“Discourse, the subject and identity in International Relations”
Dr. Charlotte Epstein, University of Sydney
FW101, Founder’s Building, Royal Holloway University of London, 1.30pm
Following the Strategic Narratives programme of research initiated since 2009 to explore how states project their values, interests and identities in the international system, this Wednesday Dr. Epstein will address a series of our concerns:
Abstract: ’The concept of identity has attracted increasing attention in International Relations (IR). Yet what does it mean to study the ‘selves’ of international actors?’ The two pieces explored in today’s reading group propose that the discourse approach offers a more theoretically parsimonious and empirically grounded way of studying identity in IR than approaches developed in the wake of both constructivism and the broader ‘psychological turn’. In the second piece for instance, Dr. Epstein starts with a critique of the discipline’s understanding of the ‘self’ uncritically borrowed from psychology. Jacques Lacan’s ‘speaking subject’ offers instead a non-essentialist basis for theorizing about identity that has been largely overlooked. This insight allows us to steer clear of the field’s fallacy of composition, which has been perpetuated by the assumption that what applies to individuals applies to states as well.
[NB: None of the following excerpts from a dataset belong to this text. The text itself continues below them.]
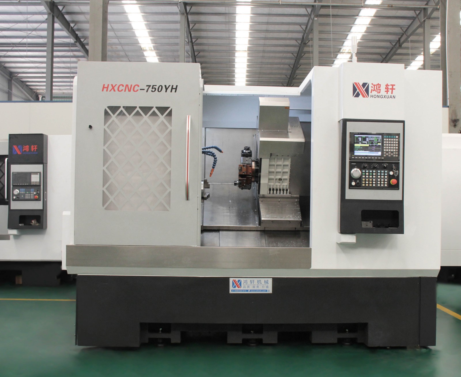 HXCNC-750YH動力刀塔帶Y軸帶尾頂機。采用30度整體斜度鑄件機身,可有效提高加工生產過程中的穩定性和鋼性。采用新代22TB系統,并采用臺灣16Y-330-12工位Y軸硬軌動力刀塔,以及液壓可程序控制尾座。床身最大回轉直徑650mm,最大加工直徑(盤類)600mm,最大加工工件長度710mm,最大棒料通孔直徑?51MM。
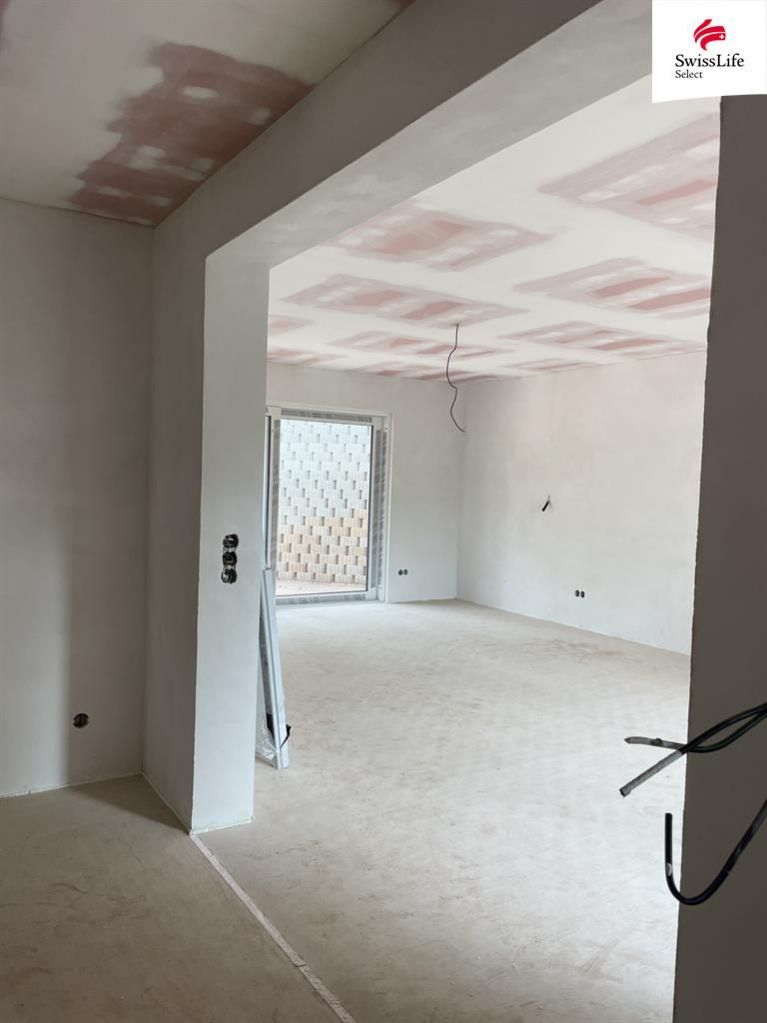 Dispozičně je byt v patře, dominantou obytného prostoru s kuchyní jsou dvě velkoformátová okna se vstupem na terasu a do zahrady. Tento celoprosklený vstup vás zavede z jedné strany na terasu, z druhé strany do míst, kde může být velký bazén. Tyto posuvné stěny dodávají obývacímu pokoji neskutečnou atmosféru. Můžete sledovat západy slunce i padající vločky a to vše v naprostém soukromí.
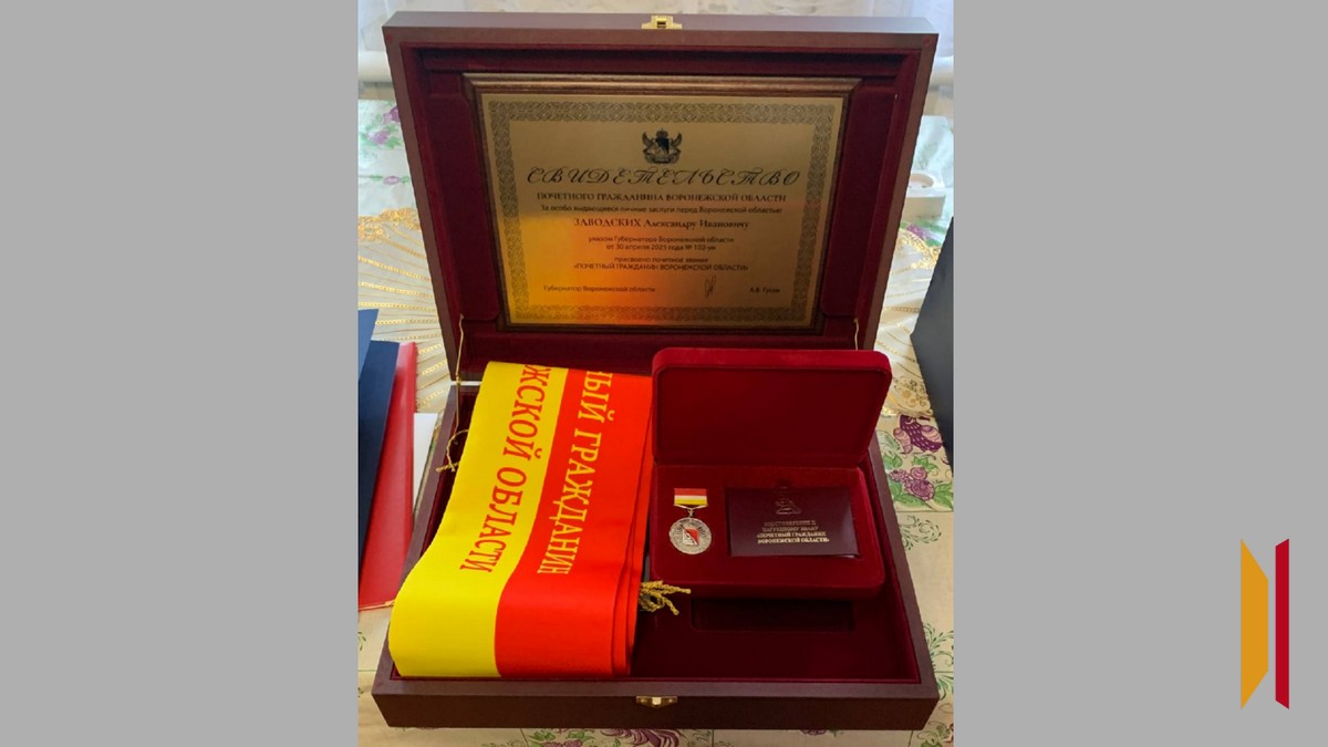 Почетным гражданином Воронежской области стал участник Великой Отечественной войны из села Чернавка Панинского района 99-летний Александр Заводских. Почетный знак, памятную ленту и свидетельство ветерану вручила первый заместитель руководителя аппарата губернатора и правительства области Ольга Извекова. Также она зачитала поздравление от губернатора Воронежской области Александра Гусева.
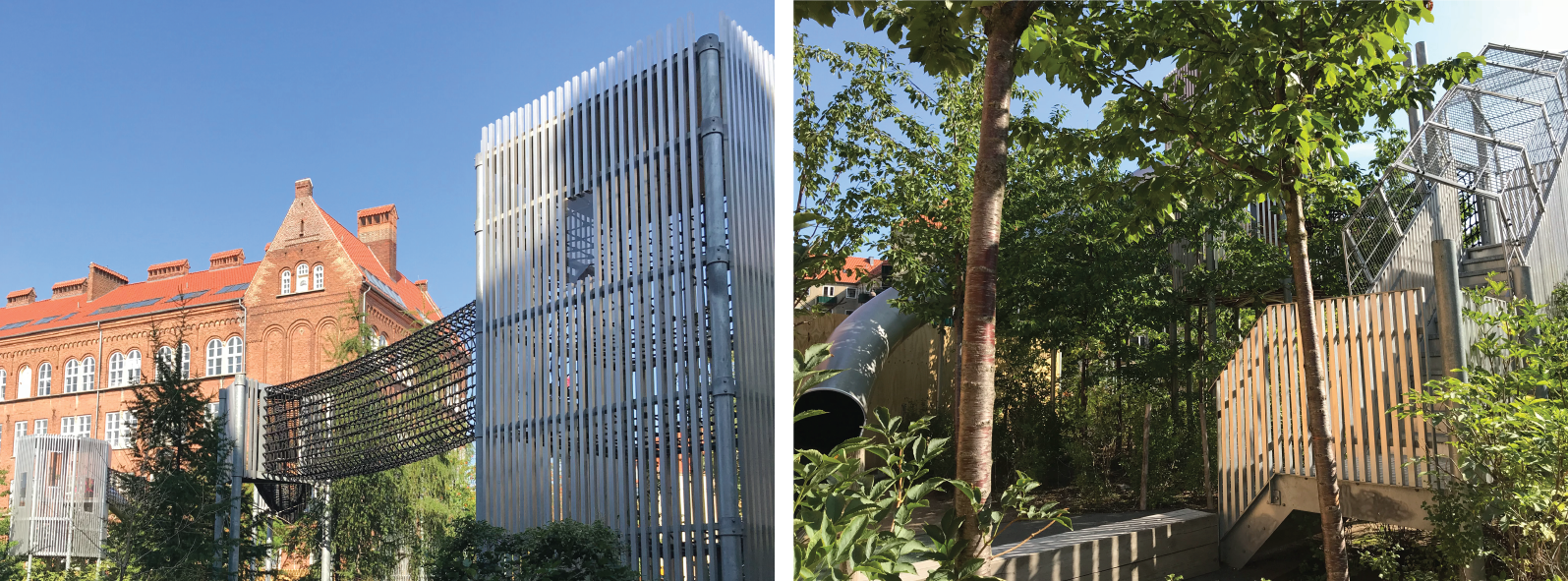 Naturlegepladsen ligger i Valbyparken i utkanten av København. Dette er Danmarks største naturlekeplass, en plass for utendørs lek og utfordringer som får pulsen opp. Idéen med lekeplassen har vært å skape et godt alternativ til kommersielle fornøyelsesparker, der alle kan komme gratis for å leke og oppleve naturens utfordringer, utfoldelsesmuligheter og sanseinntrykk. Lekeplassen beviser at man trenger ikke å bruke skarpe farger og organiske former for å appellere til aktivitet. Her fikk vi se et eksempel på en lekeplass som tar hensyn til den omliggende parken, og er holdt i naturlige farger og materialer.
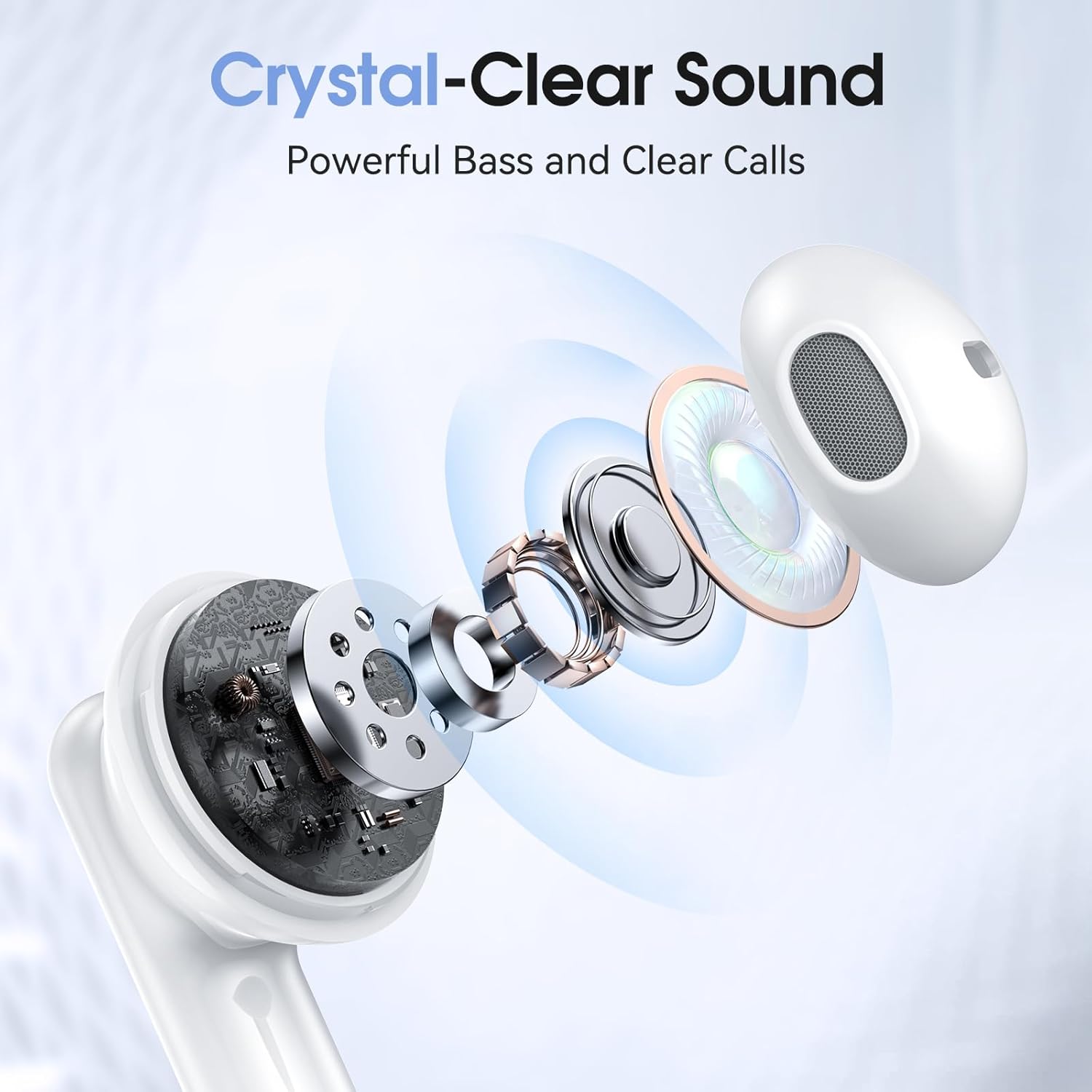 Customers find these wireless earbuds deliver good sound quality, with one noting they hear calls perfectly, and appreciate their long battery life of up to 50 hours. The earbuds are comfortable to wear with an ergonomic fit, connect easily to phones and tablets, and offer excellent value for the price. Customers like their functionality, with one mentioning they work well for both iOS and Android systems.
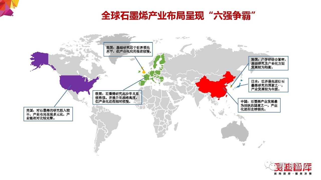 鑒于石墨烯優(yōu)越的材料性能及廣闊的應用前景,目前全球約有80多個多家和地區(qū)開展了石墨烯相關研究,紛紛出臺創(chuàng)新戰(zhàn)略、產(chǎn)業(yè)規(guī)劃、扶持政策等,并給予資金資助,不斷加大對石墨烯研究和產(chǎn)業(yè)化的支持力度,美國、中國、英國、日本、韓國、歐盟及其成員國先后從國家層面開展戰(zhàn)略部署,出臺多項扶持政策和研究計劃,處于全球石墨烯技術研究與產(chǎn)業(yè)化的前列。
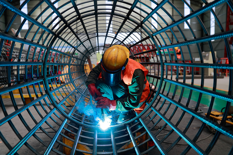 安全帽、防護(hù)面罩、防塵口罩、全套帆布質(zhì)地的工作服、長及手臂的皮質(zhì)手套——這些都是進(jìn)行焊接作業(yè)時(shí)的標(biāo)配,到了夏天,幾分鐘衣服就被汗水浸透,雖然高溫難耐,但鋼筋加工廠的工人們明白活不能耽誤,責(zé)任與堅(jiān)守是他們堅(jiān)定的承諾。
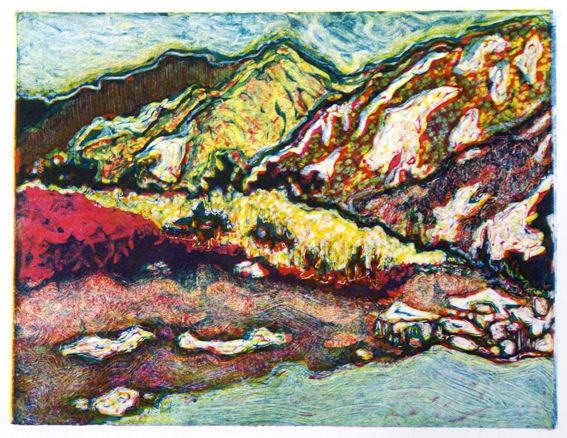 When I came back home to Wales I created a full-colour monotype from my original sketchbook drawing. After travelling from Islamabad, through Abbotabad, we arrived in Besham at night in total darkness and when we woke up the next morning this fabulous view of the river and mountains greeted us.

This is illustrated empirically with regards to the international politics of whaling.
Dr. Charlotte Epstein is a senior lecturer in International Relations in the Department of Government and International Relations, University of Sydney. Homepage:
Participants must have read the following two pieces and be ready to discuss them:
1. The introduction to Charlotte’s book, The Power of Words in International Relations : Epstein Ch1 sample chapter
2. Charlotte’s latest piece in European Journal of International Relations, entitled ‘Who speaks? Discourse, the subject and identity in international relations’ : Who Speaks?
Please note that Dr. Epstein will also deliver a presentation to the staff-student research seminar at 5pm in FW101.